5. Placing the MFC on a glass bottom dish
   1. Place the chamber in the center of a tissue culture grade 35 mm/50 mm glass bottom dish and apply minor force on the edges to make the PDMS and dish bottom bind. To avoid breaking the glass bottom, always apply force on top of a solid surface.
   2. Incubate for 10 min at 70 °C. Press the chambers to strengthen adherence to the plate.
   3. Incubate under UV light for 10 min.
6. Coating and culturing
   1. Add 1.5 ng/mL poly-L-ornithine (PLO) to both compartments. Make sure the PLO is running through the channels by pipetting the coating media a few times directly in the channel entrance.
   2. Examine the microfluidic chamber under a light microscope with 10x magnification to check for the presence of air bubbles. If air bubbles are blocking the microgrooves, place the MFC in a vacuum desiccator for 2 min. Later, remove the excess air that got caught in the channels by pipetting the coating media through them. Incubate overnight.
   3. Replace PLO with laminin (3 µg/mL in DDW) for overnight incubation in the same manner.
   4. Prior to plating, wash the laminin with a neuronal culture medium.

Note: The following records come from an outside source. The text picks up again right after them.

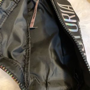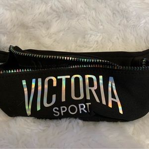 VICTORIAS SECRET SPORT black graphic & rainbow iridescent zippered Fanny belt bag
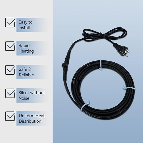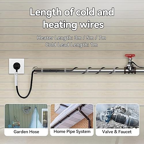 MincoHome Pipe Heating Cable Built-in Thermostat 200-240V Plug-in Water Pipe Anti-Freeze Kit Energy-Saving (3M)
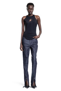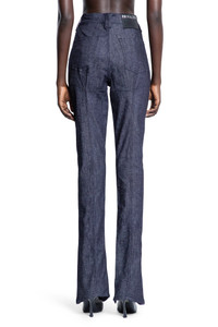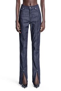 DESCRIPTION - Blue - Raw denim - High-waisted - Belt holes - Button and zip closure - 5 pockets - Back leather logo patch - Front hem splits with signature metal piercing - Floor length - Skinny fit DETAILS - Made in: Slovakia - Composition: 98% Cotton 2% Elastane - Model code: 25P6PA04962013 RD600 - Item ID: 9426106646870 SIZE & FIT Model wears size 30 Model Height 177 cm Bust 74 cm Waist 58 cm Hips 85 cm
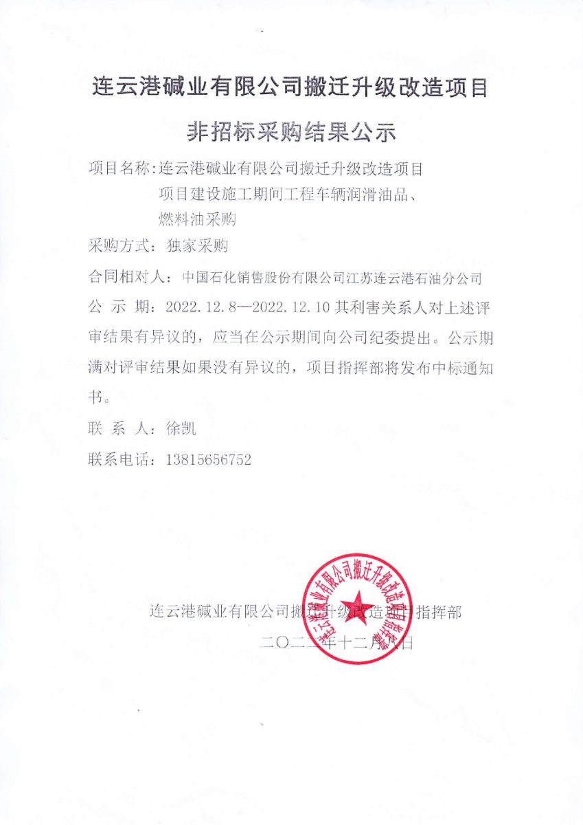 項目建設(shè)施工期間工程車輛潤滑油品、燃料油采購非招標采購結(jié)果公示
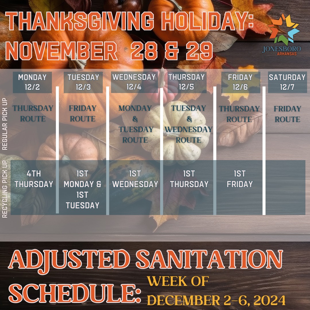 Jonesboro, AR – (JonesboroRightNow.com) – Nov. 25, 2024 – Sanitation routes for the City of Jonesboro will be adjusted due to the upcoming Thanksgiving holiday.
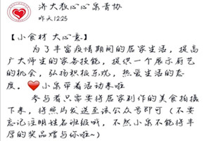 这场特殊的线上厨艺大赛给同学们提供了一个展示厨艺的机会,提高了动手创新能力,丰富了居家生活,让大学生感受到亲情的温暖。愿同学们能以积极乐观、热爱生活的态度学习和生活。
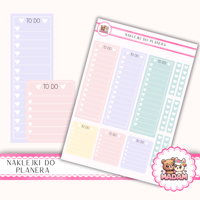 Naklejki do planera listy To Do serduszka pastelowe Pastel Love 13x18 , MaDam Creative

2. Neuronal culture plating

1. Spinal cord explant culture
   1. Using straight scissors and fine forceps, dissect a spinal cord out of an E12.5 ICR-HB9:GFP mouse embryo. Work in a 1X HBSS solution with 1% penicillin-streptomycin (P/S) (Figure 3A-C).
   2. Using microdissection scissors, remove the meninges and the dorsal horns (Figure 3D).
   3. Cut the spinal cord into 1 mm thick transverse sections (Figure 3E). Dispose of all medium from the proximal compartment of the MFC.
   4. Pick up a single spinal cord explant with a pipette in a total volume of 4 µL. Inject the explant as close as possible to the cave and draw out any excessive liquid from the proximal well via the lateral outlets (1 mm punches). The explants should be sucked into the proximal channel.
   5. Slowly add 150 µL of spinal cord explant medium (SCEX, see Table of Materials and Table 3) to the proximal well.
   6. Spinal cord explant culture maintenance
      1. Add SCEX medium in the proximal compartment and rich SCEX medium (SCEX with 50 ng/mL of BDNF and GDNF) in the distal compartment. Maintain a volume gradient of at least 15 µL per well between the distal wells (higher volume) and the proximal well.
      2. Refresh the medium every 2 days. It can take the axons up to 3-5 days to cross distally.

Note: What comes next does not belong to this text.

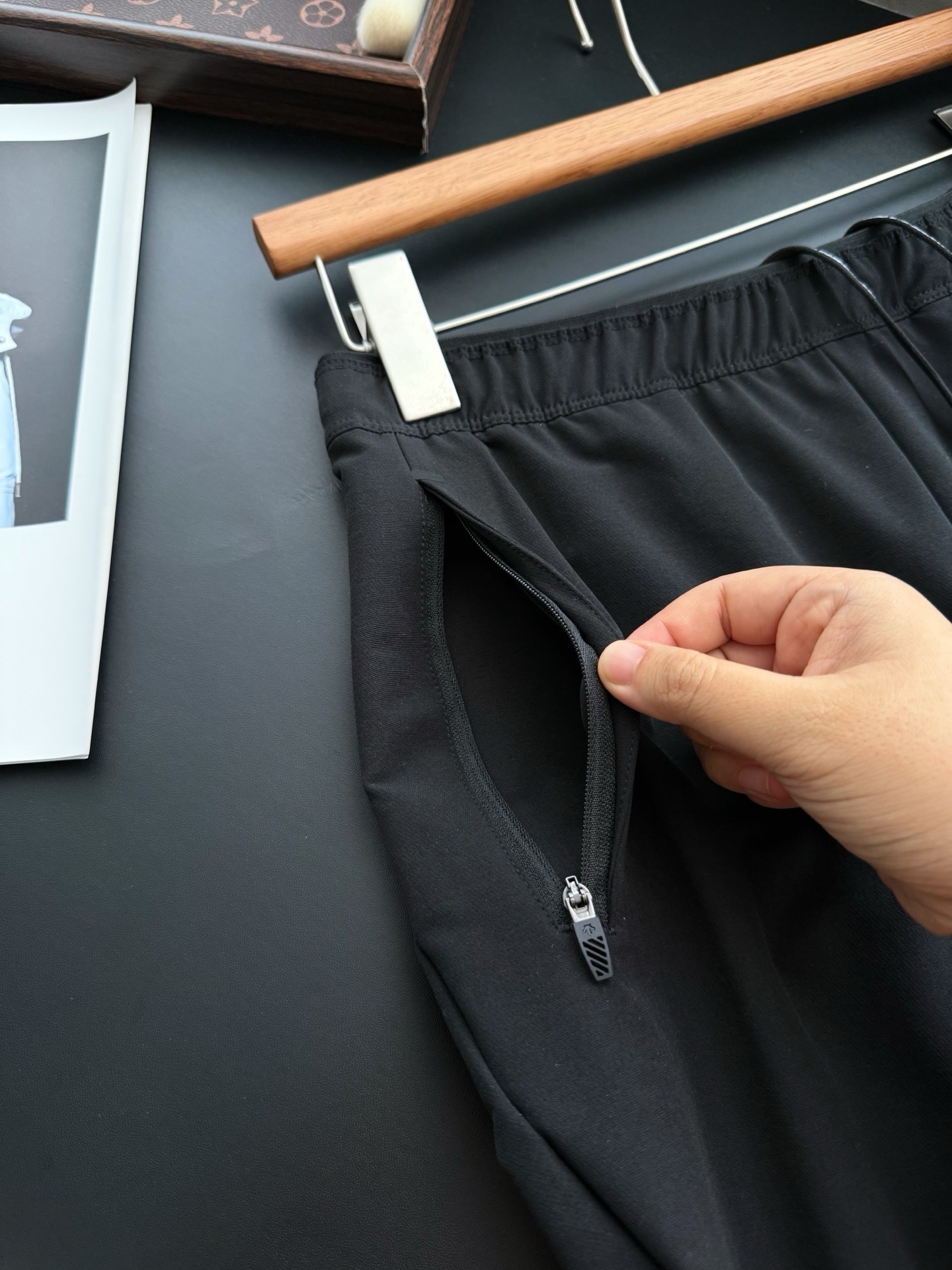 隐藏式拉链斜插口袋方便实用膝盖下方点缀立体压胶字母logo 更显品质!关于细节
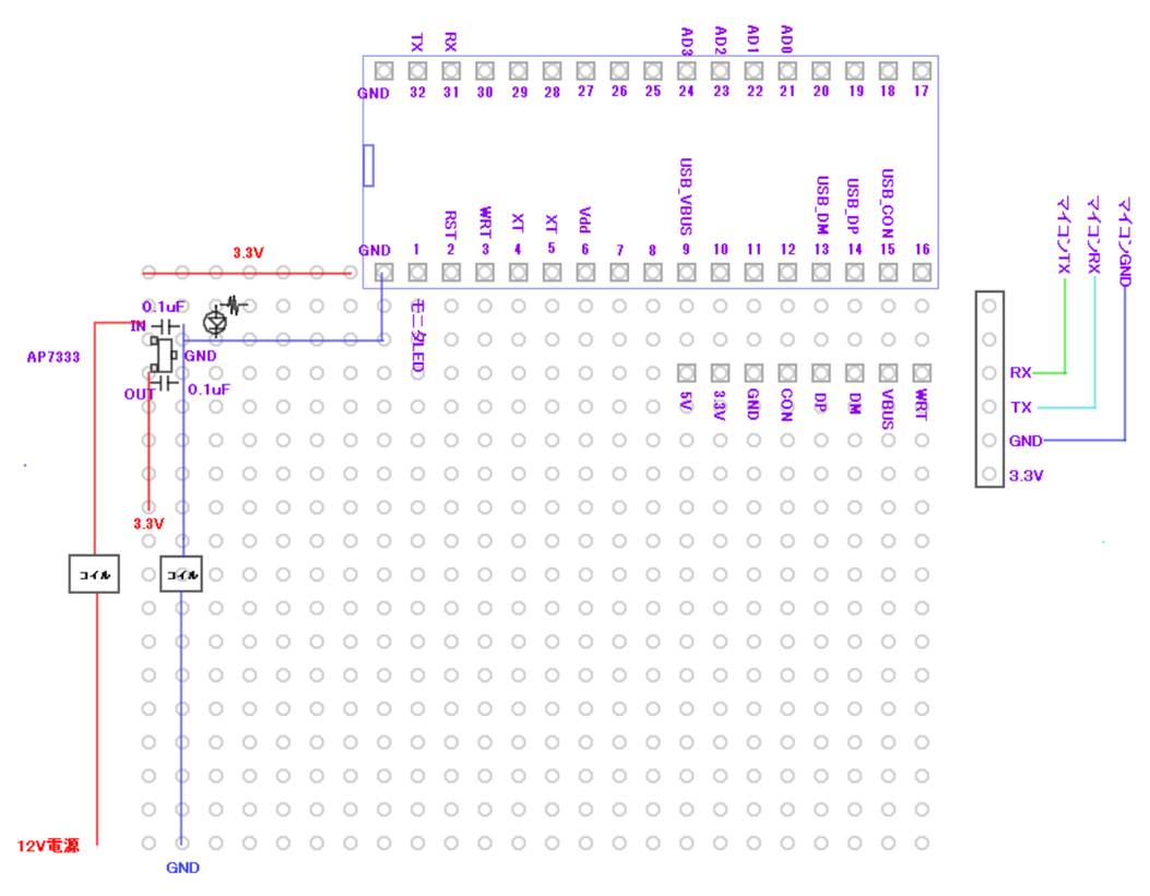3.3Vレギュレータ、シリアル通信、LED回路を追加します

3. Axonal transport (Figure 4A)

1. Labeling of mitochondria and acidic compartments
   1. Prepare fresh SCEX medium (or CNB for dissociated MN) containing 100 nM Mitotracker Deep Red FM and 100 nM LysoTracker Red. Incubate for 30-60 min at 37 °C. Other colors can be used as long as their fluorophores do not overlap.
   2. Wash 3x with warm CNB/SCEX medium. The plates are ready for imaging.
2. Live imaging
   1. Acquire 100 time-lapse image series of axonal transport at 3 s intervals, with a total of 5 min per movie.
      NOTE: The imaging system used in this study included an inverted microscope equipped with spinning disc confocal, controlled via propriety cell imaging software, 60x oil lens, NA = 1.4, and an EMCCD camera. Movies were acquired in a controlled environment at 37 °C and 5% CO₂.
      NOTE: Longer or shorter time-lapse movies can be imaged, depending on the experiment. Even overnight movies can be recorded if needed. However, it is critical to try and reduce the exposure time and laser power, as well as the number of total images, to decrease phototoxicity and bleaching during movie acquisition.